WHAT YOU WILL DO >>
The listing below must be repeated word for word, with its images excluded.

COLLECTED DATA >>
↓↓↓

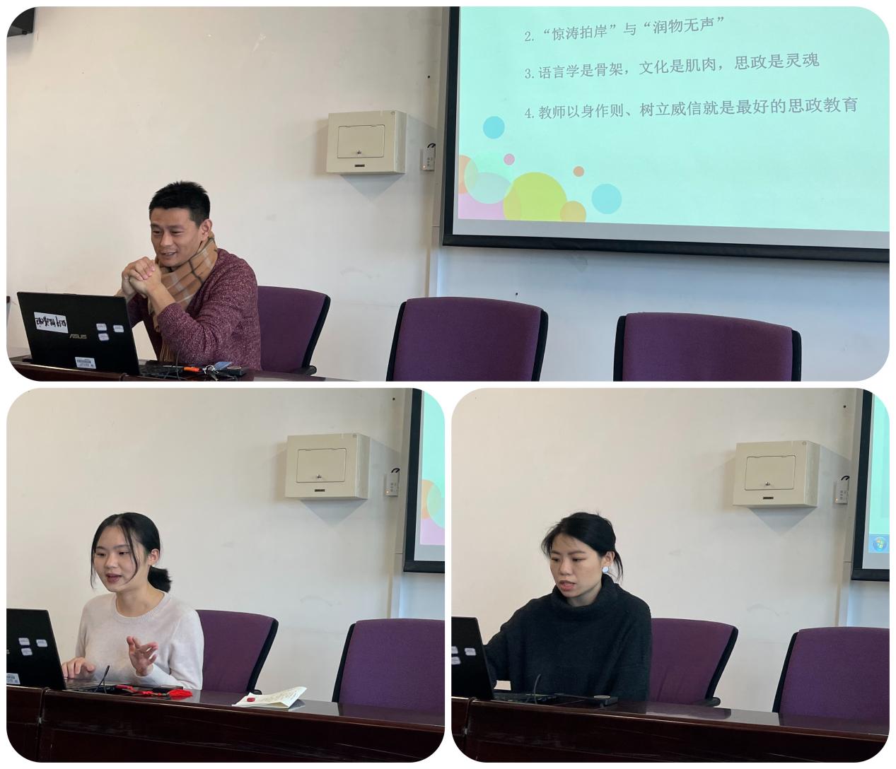杨桐从思政的内涵出发,结合法语课程中思政内容的呈现及自身的感悟,认为思政建设既要“天天见”,又要“润物细无声”。桑瑞从授课对象、教学思路以及教学目标三个角度,分别介绍了本科生二外法语课程和即将开设的跨文化与国际合作课程的思政建设要点。张诗卉强调了研究生二外法语课堂的思政特点,提出要从传统文化和时政热点两个切入点引发员工兴趣,引领员工用法语介绍中国文化、讲好中国故事。岳剑英对三位老师的汇报作点评,认为杨桐对课程思政的理解深刻,并对桑瑞和张诗卉选取案例的典型性和代表性予以肯定。
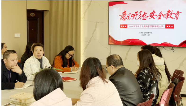 为强化支部党员的意识形态安全意识,提升网络安全素养,营造健康、安全的网络环境贡献力量,11月19日,计算机与大数据学院党支部开展了“意识形态专题学习教育”活动。学院全体教师参加了此次学习,共同学习探讨网络安全相关重要内容。
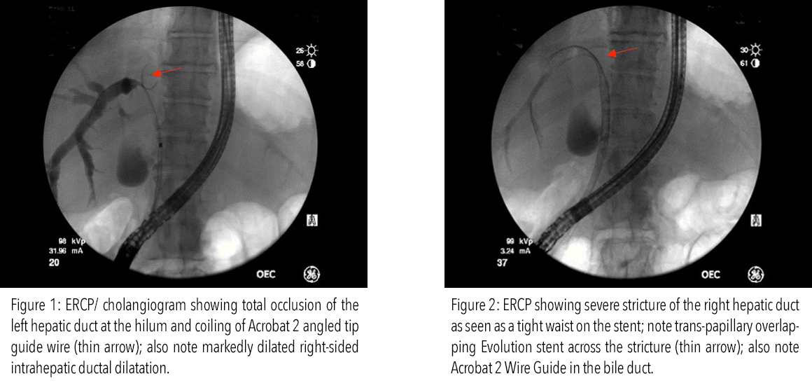 Two stents were used to bridge the hilar stricture since the affected location was high into the intrahepatics. By overlapping two Evolution stents, we traversed the hilum to the papilla.

↑↑↑

YOUR RESPONSE >>
杨桐从思政的内涵出发,结合法语课程中思政内容的呈现及自身的感悟,认为思政建设既要“天天见”,又要“润物细无声”。桑瑞从授课对象、教学思路以及教学目标三个角度,分别介绍了本科生二外法语课程和即将开设的跨文化与国际合作课程的思政建设要点。张诗卉强调了研究生二外法语课堂的思政特点,提出要从传统文化和时政热点两个切入点引发员工兴趣,引领员工用法语介绍中国文化、讲好中国故事。岳剑英对三位老师的汇报作点评,认为杨桐对课程思政的理解深刻,并对桑瑞和张诗卉选取案例的典型性和代表性予以肯定。
 为强化支部党员的意识形态安全意识,提升网络安全素养,营造健康、安全的网络环境贡献力量,11月19日,计算机与大数据学院党支部开展了“意识形态专题学习教育”活动。学院全体教师参加了此次学习,共同学习探讨网络安全相关重要内容。
 Two stents were used to bridge the hilar stricture since the affected location was high into the intrahepatics. By overlapping two Evolution stents, we traversed the hilum to the papilla.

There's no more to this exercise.